Friday, February 18, 2011

What is the purpose of imagery in poetry?What is the purpose of imagery in odes, elegies, haikus, sonnets and lyrics? Thanks

There are numerous answers to your question about the purpose of imagery in poetry.  I'll mention one that is particularly relevant to poetry, as opposed to prose.


There probably is no accurate definition (in our current literary climate) of poetry, that covers everything that today is considered poetry.  For instance, what we accept today as prose poetry doesn't fit any standard definitions from the past of what poetry is.  If there is a single characteristic that at least fits most of what is considered poetry, it may be compressed language.


Poetry has a need to say as much as possible in as few words as possible.  That is true with most successful writing, of course, but the need is more pronounced in poetry.


Imagery is an important form of compressed language, and is therefore vital in poetry.  Other forms of compressed language, such as simile and metaphor, often create imagery.  They help a writer to accomplish as much as possible in as few lines as possible. 


Consider Randall Jarrell's "The Death of the Ball Turret Gunner":



From my mother's sleep I fell into the State


And I hunched in its belly till my wet fur froze.


Six miles from earth, loosed from its dream of life,


I woke to black flak and the nightmare fighters.


When I died they washed me out of the turret with a hose.

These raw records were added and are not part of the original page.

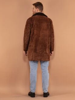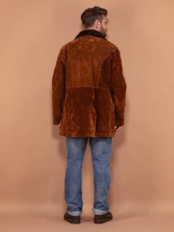 Vintage 00’s teddy sherpa faux suede women’s jacket in brown. Notched collar, two outer patch pockets. No closure. Very soft and snuggly. Made in Italy.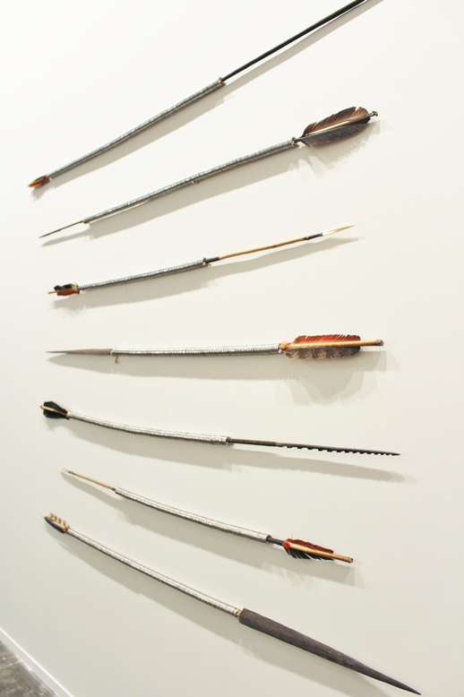 Nas flechas de etnias atingidas pela usina elétrica de Belo Monte, o artista perfurou e perfilou moedas de 50 centavos, inscritas com o lema positivista “Ordem e Progresso”.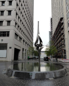 Am Inge-Beisheim-Platz in der August-Hauschner-Straße am Potsdamer Platz fällt mir gleich „Phönix“, die Skulptur des israelischen Künstlers Gidon Graetz auf. Die 5 m hohe, metallisch glänzende Skulptur aus Edelstahl, ein Geschenk der Otto-Beisheim-Stiftung an Berlin, steht in einem 2004 errichteten ovalen Überlaufbecken mit spiegelnder Wasseroberfläche. Sie symbolisiert wie „Phoenix aus der Asche“ den neuen Potsdamer Platz.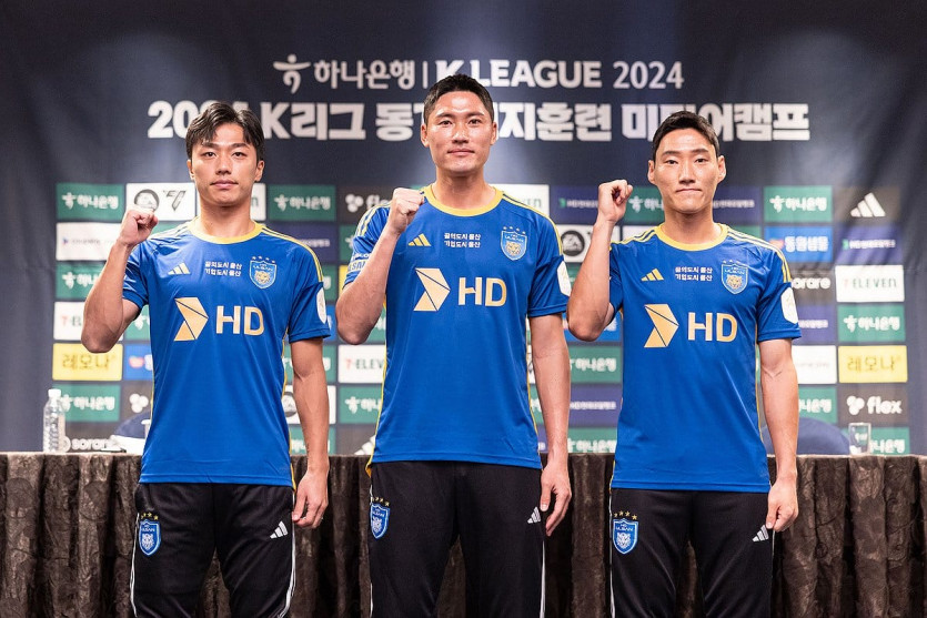 프로축구 K리그1 울산 HD(옛 울산 현대)에 새로 합류한 고승범(왼쪽부터), 황석호, 심상민이 7일 울산시 동구 호텔현대 바이 라한 울산에서 열린 2024 K리그 동계 전지훈련 미디어캠프 기자회견에서 포즈를 취하고 있다. [한국프로축구연맹 제공. 재판매 및 DB 금지]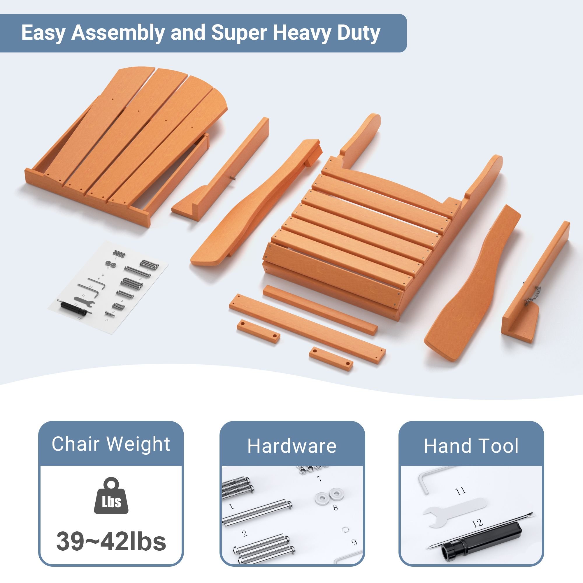 5.5.[Tools Included and Easy Assembly] This Adirondack chair’s assembly is super easy with all the tools and hardware included. If you have a power drill, to use the drill will speed up the process. If you don’t have one, to use the hand tool included will be nice. One person can do put them together.

Looking at only the final line, the image of fellow soldiers washing the leftover bits of a man ripped to shreds by shrapnel creates multiple meanings, reactions, and emotions:


  • Horror

  • Shock

  • Disgust

  • Disbelief or at least discomfort at the nonchalance that seems to be involved

  • anti-war sentiment

  • irony

  • pity

Notice that none of the words I use to describe the meanings, etc. of the image are used by the writer:  they are all revealed by the image.  That's what imagery does for poetry.